- _Work item_:
Only the lines below from the one containing "Η crossbody hobo" through the one containing "Liebevoll eingerichtete Wohnung" belong in the answer, repeated exactly and without pictures.

(Items listed in a dataset)

———

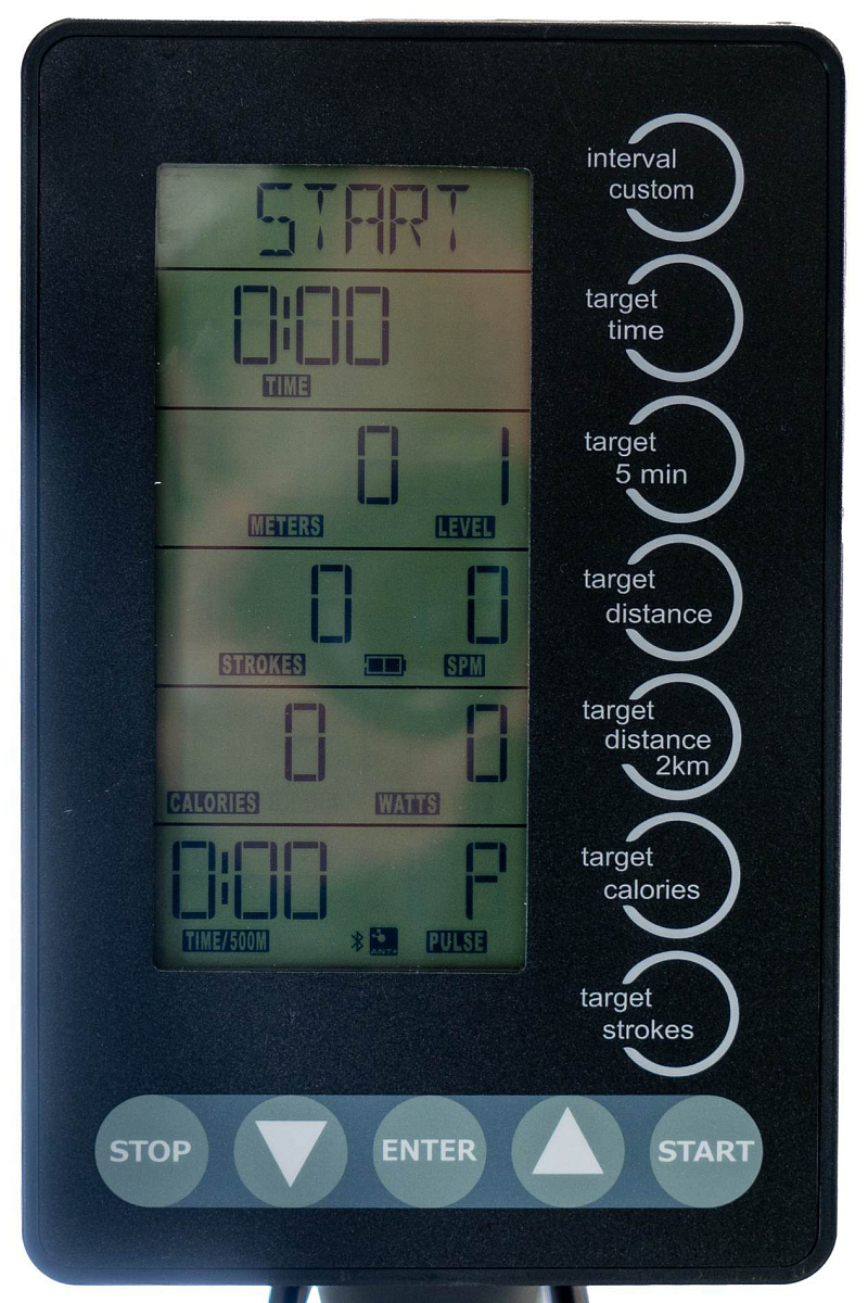 Přístroj je vybaven samonapájecím 5,5" LCD monitorem, který přehledně zobrazuje všechny důležité údaje jako čas, vzdálenost, záběry za minutu (SPM), kalorie, watty a tepovou frekvenci. K tomu navíc nabízí Bluetooth a ANT+ konektivitu, takže ho snadno spárujete s chytrými aplikacemi, díky kterým lze můžete sledovat svůj pokrok.
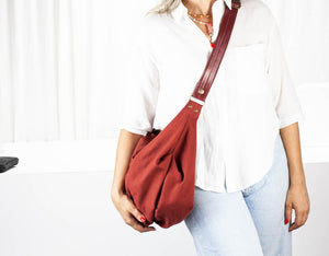 Η crossbody hobo τσάντα Kallia είναι φτιαγμένη από βαμβακερό καμβά σε κεραμιδί με λεπτομέρειες από αρνί δερμα. Διαθέτει αποσπώμενα δερμάτινα μέρη και φερμουάρ, ώστε να καθαρίζεται και να προσαρμόζεται εύκολα στο στυλ σου. Ευρύχωρη και κομψή, ιδανική για καθημερινή χρήση ή σύντομες αποδράσεις
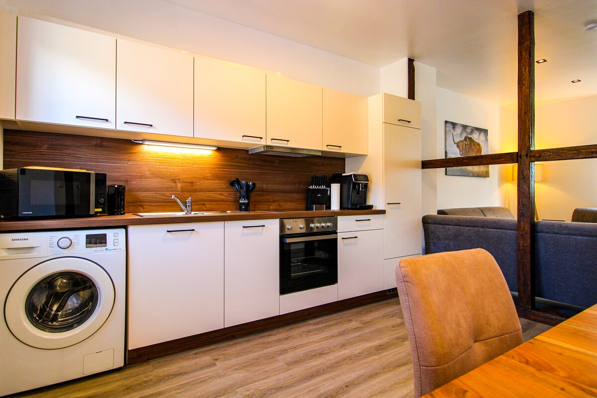 Liebevoll eingerichtete Wohnung für Paare und Alleinreisende, die Ruhe und Komfort suchen. Ein gemütliches Schlafzimmer mit Doppelbett und viel Stauraum sorgt für erholsame Nächte. Die moderne, voll ausgestattete Küche lädt zum Kochen ein. Im Bad erwartet dich eine gepflegte Regendusche. Schnelles WLAN, Smart-TV, Essbereich, stilvolle Details und eine ruhige, dennoch gut angebundene Lage machen den Aufenthalt perfekt.
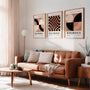 Warm caramel and cream tones contrasted with deep black add depth and character while staying true to modernist clarity. Hang the trio as a cohesive framed poster set for a strong gallery statement, or choose each piece as an elegant unframed print for a lighter, minimalist finish. Ideal as a bold accent in modern interiors, loft spaces, creative studios, and rooms inspired by mid-century design and modernism.
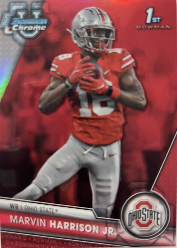 Auctions Ending Soon for Marvin Harrison Jr. 2023 Bowman Chrome University #100 Prospects - Red Refractor /5 (1st) RAW
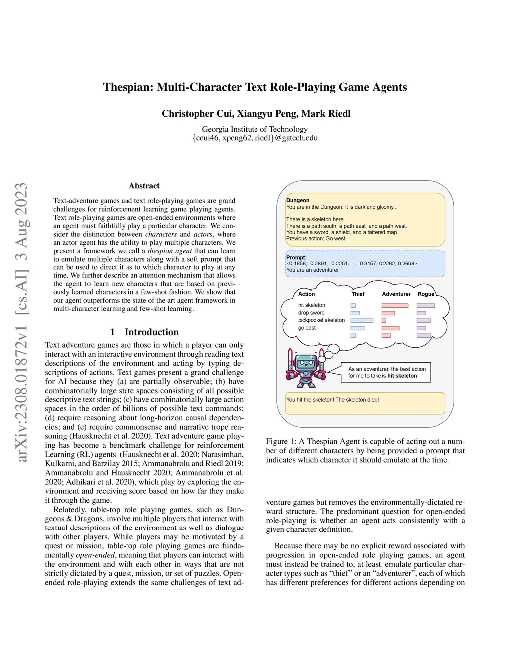 Thespian: Multi-Character Text Role-Playing Game Agents
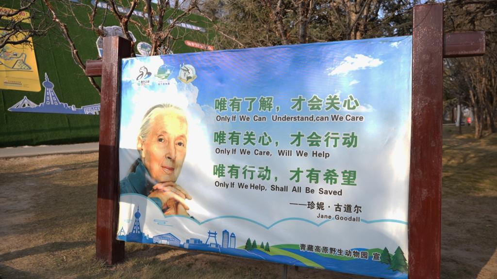 這是西寧野生動物園的第一張科普牌,上面印著國際動物學家珍妮·古道爾的名言。
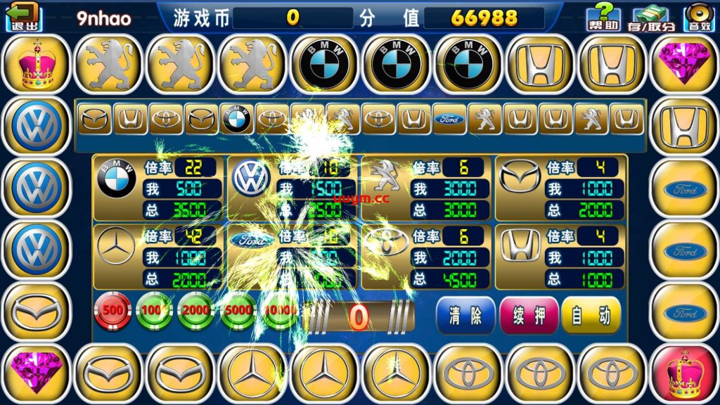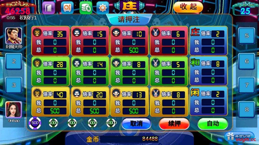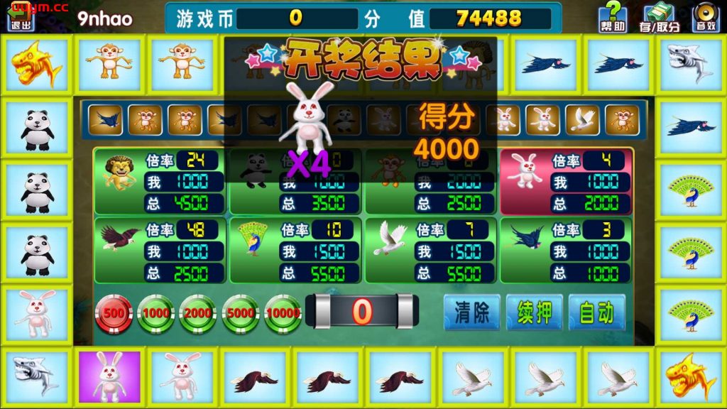 摇钱树、金蟾捕鱼、渔乐无穷、幸运六狮、牛魔王

———

- _Completed exercise_:
 Η crossbody hobo τσάντα Kallia είναι φτιαγμένη από βαμβακερό καμβά σε κεραμιδί με λεπτομέρειες από αρνί δερμα. Διαθέτει αποσπώμενα δερμάτινα μέρη και φερμουάρ, ώστε να καθαρίζεται και να προσαρμόζεται εύκολα στο στυλ σου. Ευρύχωρη και κομψή, ιδανική για καθημερινή χρήση ή σύντομες αποδράσεις
 Liebevoll eingerichtete Wohnung für Paare und Alleinreisende, die Ruhe und Komfort suchen. Ein gemütliches Schlafzimmer mit Doppelbett und viel Stauraum sorgt für erholsame Nächte. Die moderne, voll ausgestattete Küche lädt zum Kochen ein. Im Bad erwartet dich eine gepflegte Regendusche. Schnelles WLAN, Smart-TV, Essbereich, stilvolle Details und eine ruhige, dennoch gut angebundene Lage machen den Aufenthalt perfekt.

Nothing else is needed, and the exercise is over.